I have the following code: 我有以下代码:

from pyspark import SparkContext, SparkConf
from pyspark import sql
from pyspark.ml.feature import StringIndexer

conf = (SparkConf()
    .setMaster("local")
    .setAppName("My app")
    .set("spark.executor.memory", "1g"))
sc = SparkContext(conf = conf)
sqlContext = sql.SQLContext(sc)
df = sqlContext.createDataFrame(
    [(0, "a"), (1, "b"), (2, "c"), (3, "a"), (4, "a"), (5, "c")],
    ["id", "category"])
indexer = StringIndexer(inputCol="category", outputCol="categoryIndex")
indexed = indexer.fit(df).transform(df)
indexed.show()

But I get the following error: 但是我收到以下错误:

py4j.protocol.Py4JJavaError: An error occurred while calling o38.fit.
: java.lang.IllegalArgumentException
    at org.apache.xbean.asm5.ClassReader.<init>(Unknown Source)
    at org.apache.xbean.asm5.ClassReader.<init>(Unknown Source)
    at org.apache.xbean.asm5.ClassReader.<init>(Unknown Source)
    at org.apache.spark.util.ClosureCleaner$.getClassReader(ClosureCleaner.scala:46)
    at org.apache.spark.util.FieldAccessFinder$$anon$3$$anonfun$visitMethodInsn$2.apply(ClosureCleaner.scala:443)
    at org.apache.spark.util.FieldAccessFinder$$anon$3$$anonfun$visitMethodInsn$2.apply(ClosureCleaner.scala:426)
    at scala.collection.TraversableLike$WithFilter$$anonfun$foreach$1.apply(TraversableLike.scala:733)
    at scala.collection.mutable.HashMap$$anon$1$$anonfun$foreach$2.apply(HashMap.scala:103)
    at scala.collection.mutable.HashMap$$anon$1$$anonfun$foreach$2.apply(HashMap.scala:103)
    at scala.collection.mutable.HashTable$class.foreachEntry(HashTable.scala:230)
    at scala.collection.mutable.HashMap.foreachEntry(HashMap.scala:40)
    at scala.collection.mutable.HashMap$$anon$1.foreach(HashMap.scala:103)
    at scala.collection.TraversableLike$WithFilter.foreach(TraversableLike.scala:732)
    at org.apache.spark.util.FieldAccessFinder$$anon$3.visitMethodInsn(ClosureCleaner.scala:426)
    at org.apache.xbean.asm5.ClassReader.a(Unknown Source)

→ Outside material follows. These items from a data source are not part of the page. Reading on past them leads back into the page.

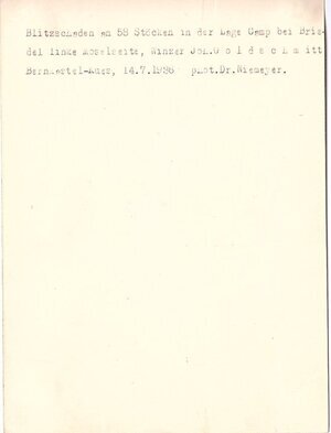 Zu sehen ist das Foto einer Rebe mit Blitzschaden. Lt. Angaben auf der Rückseite waren 58 Stöcke in der Lage Camp bei Briedel betroffen. Diese befindet sich auf der linken Moselseite. Winzer Joh. Goldschmitt, Bernkastel-Kues. Auf der Rückseite dieser Pappe befinden sich nähere Angaben zu der Aufnahme. Das Foto stammt aus der ehemaligen Landes-Lehr- und Versuchsanstalt (LLVA) in Bernkastel Kues.
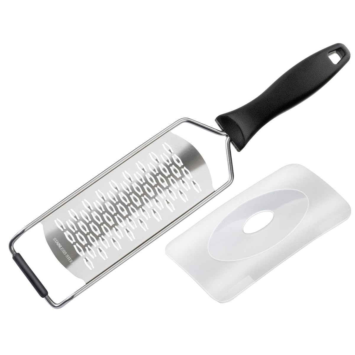 La lame de la râpe est fabriquée en acier inoxydable, la protection de la lame est en plastique transparent et le manche est en plastique pour assurer une bonne prise en main.
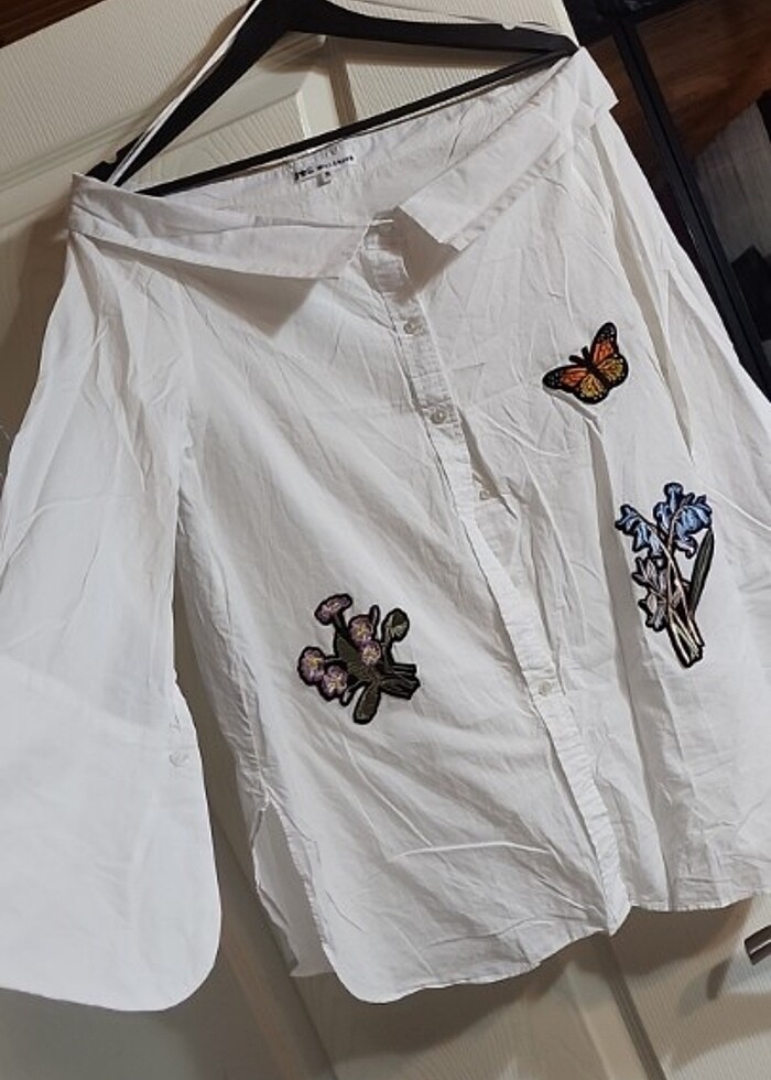 Kayık yaka omuzları acik gomlek. S BEDEN . 36 38 uyumludur sıfırdır.

    at org.apache.xbean.asm5.ClassReader.b(Unknown Source)
    at org.apache.xbean.asm5.ClassReader.accept(Unknown Source)
    at org.apache.xbean.asm5.ClassReader.accept(Unknown Source)

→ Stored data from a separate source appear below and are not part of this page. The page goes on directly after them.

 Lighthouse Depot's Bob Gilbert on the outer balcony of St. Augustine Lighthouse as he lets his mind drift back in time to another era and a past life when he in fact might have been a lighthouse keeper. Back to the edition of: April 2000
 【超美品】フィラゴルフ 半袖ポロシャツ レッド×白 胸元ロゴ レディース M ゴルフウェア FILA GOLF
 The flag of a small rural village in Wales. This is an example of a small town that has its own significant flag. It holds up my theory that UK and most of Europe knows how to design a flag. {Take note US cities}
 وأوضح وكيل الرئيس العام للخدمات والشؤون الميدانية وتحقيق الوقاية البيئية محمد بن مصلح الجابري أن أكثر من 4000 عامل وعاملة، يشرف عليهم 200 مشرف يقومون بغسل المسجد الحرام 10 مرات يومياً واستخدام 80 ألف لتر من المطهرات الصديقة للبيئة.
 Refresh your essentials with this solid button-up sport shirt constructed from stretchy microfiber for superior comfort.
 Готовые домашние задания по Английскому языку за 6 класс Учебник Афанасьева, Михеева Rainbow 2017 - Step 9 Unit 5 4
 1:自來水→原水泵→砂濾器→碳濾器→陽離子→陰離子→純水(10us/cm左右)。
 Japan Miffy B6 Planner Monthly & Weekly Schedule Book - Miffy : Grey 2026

    at org.apache.spark.util.ClosureCleaner$$anonfun$org$apache$spark$util$ClosureCleaner$$clean$14.apply(ClosureCleaner.scala:257)

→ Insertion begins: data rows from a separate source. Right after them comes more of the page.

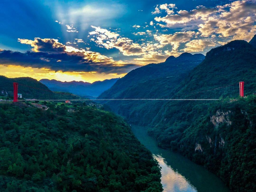这条建造在秦汉古道水路上玻璃桥,横跨湟川三峡陡崖峭壁,尽览粤北大瀑布群,凭借别出心裁的结构和超凡脱俗的外观,已成为连州市高速创造“历史文化之旅、自然景观之旅、国际通道之旅”的标志性建筑。擎天玻璃桥在万丈悬崖与流泉飞瀑间凌空而建,悬浮于湟川三峡的绝壁和深潭之上,与周边环境相互融合,气势磅礴而又和谐统一。远观宛如一条昂首云天、腾云驾雾的巨龙,飞越大峡谷的陡崖峭壁,若隐若现穿行在湟川三峡的烟雨云雾之中。桥身的颜色选用了千年流传的中国红,这不仅是中华民族喜爱的颜色,还是中国人的文化图腾和精神皈依,中国红的色调使整座桥在湟川三峡谷中常见的云雾缭绕里显得更加惊艳醒目。
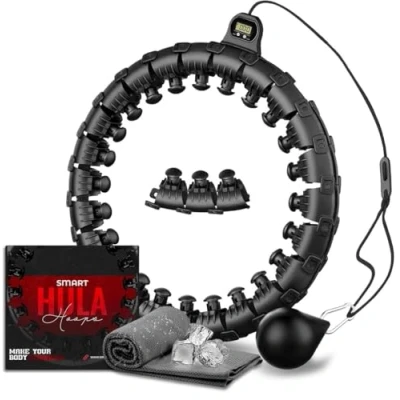 2-in-1: FITNESS AND MASSAGE : Soft rubber massage heads and magnetic therapy disks deeply massage muscles while hooping, aiding fat burn and relieving fatigue. Ideal for postpartum, office workers, and low fitness levels. EASY TO USE AND NEVER FALLS : Easy to use, secure, and effective! Smart Hula Hoop stays in place, features magnetic disks, and offers a 360° massage effect for doubled fitness benefits. REMOVABLE DESIGN : Easily disassemble it by pressing a button to customize the size for your waist circumference. Adjust the hoop circle to 15 to 27 parts for a perfect fit. These parts are easy to disassemble and store. SAY BYE TO CALORIES : Burn body fat and achieve your ideal figure with ease. Just 15 minutes a day can help you lose excess waist fat, enhance your waistline, improve flexibility, and promote healthy digestion, leading to a healthier lifestyle. SUITABLE FOR EVERYONE : Versatile hula hoop suits all skill levels & body types. Customizable segments for waist size. Ideal for adults, kids, overweight individuals, and athletes.
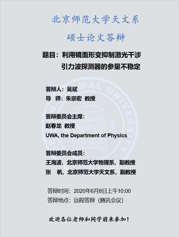 硕士答辩(吴斌):利用镜面形变抑制激光干涉引力波探测器的参量不稳定
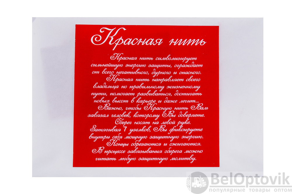 Красная нить из Иерусалима красная нить Каббалы обеспечивает длительную защиту и оберег для всей семьи. Красная нить является препятствием для негатива и повязывается на левую руку. Завязывать её должен человек, которому вы полностью доверяете. Пока вам будут повязывать красную нить, вы должны читать молитву, которая защитит от сглаза. Чтобы нить работала еще сильнее, рекомендуется прочитать вслух определенные слова формулу Бэна Пората
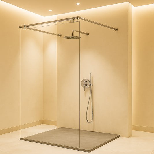 Mampara de ducha vidrio fijo + 2 barras 90º - Fresh Salomon
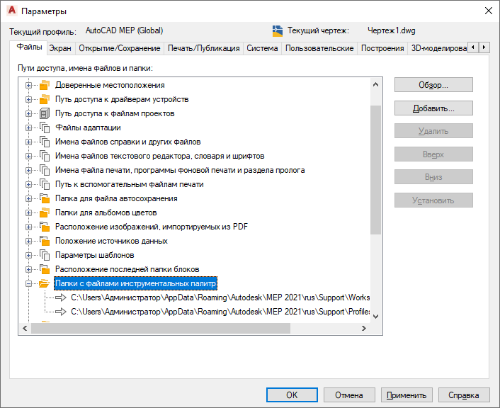 (ATC), предназначенного для инструментальных палитр, ориентированных на данный проект. При закрытии текущего проекта или назначении текущим другого проекта ориентированные на проект инструментальные палитры удаляются из списка путей.
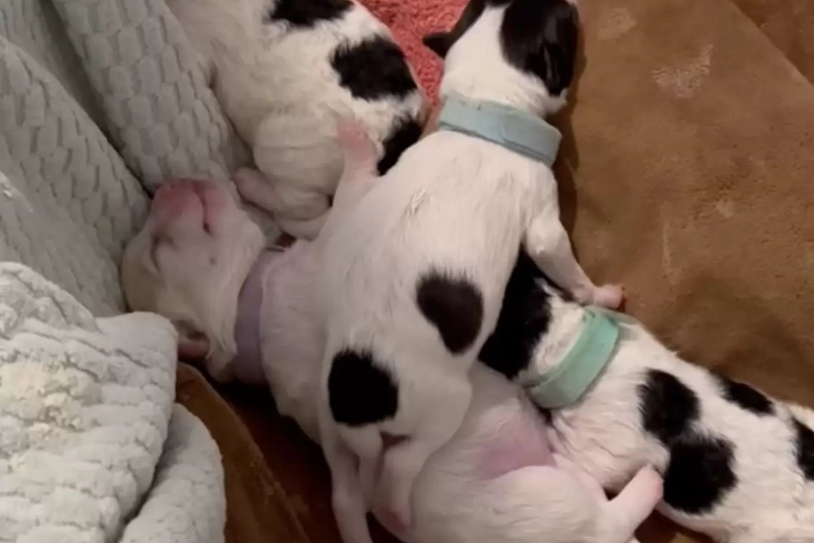 “I panicked at first, but then somehow mom mode took over,” Belle recalled. “I got towels and called the friend who helped me groom her … She got there before the third and fourth came and helped me get them cleaned up and nursing on Mama.”
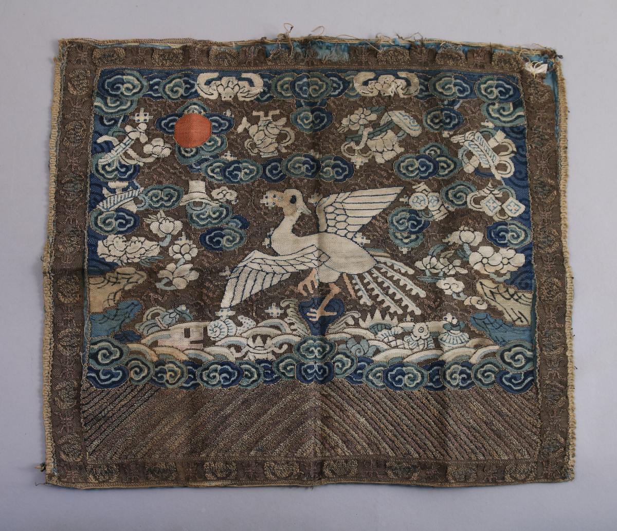 CHINE - XIXe. RÉUNION de SOIERIES. Deux paires de bandes de manches, une bande de manche, soie brodée à décor de grue, soie brodée à décor d'un oiseau debout sur un rocher. Encadrés.

    at org.apache.spark.util.ClosureCleaner$$anonfun$org$apache$spark$util$ClosureCleaner$$clean$14.apply(ClosureCleaner.scala:256)
    at scala.collection.immutable.List.foreach(List.scala:381)
    at org.apache.spark.util.ClosureCleaner$.org$apache$spark$util$ClosureCleaner$$clean(ClosureCleaner.scala:256)
    at org.apache.spark.util.ClosureCleaner$.clean(ClosureCleaner.scala:156)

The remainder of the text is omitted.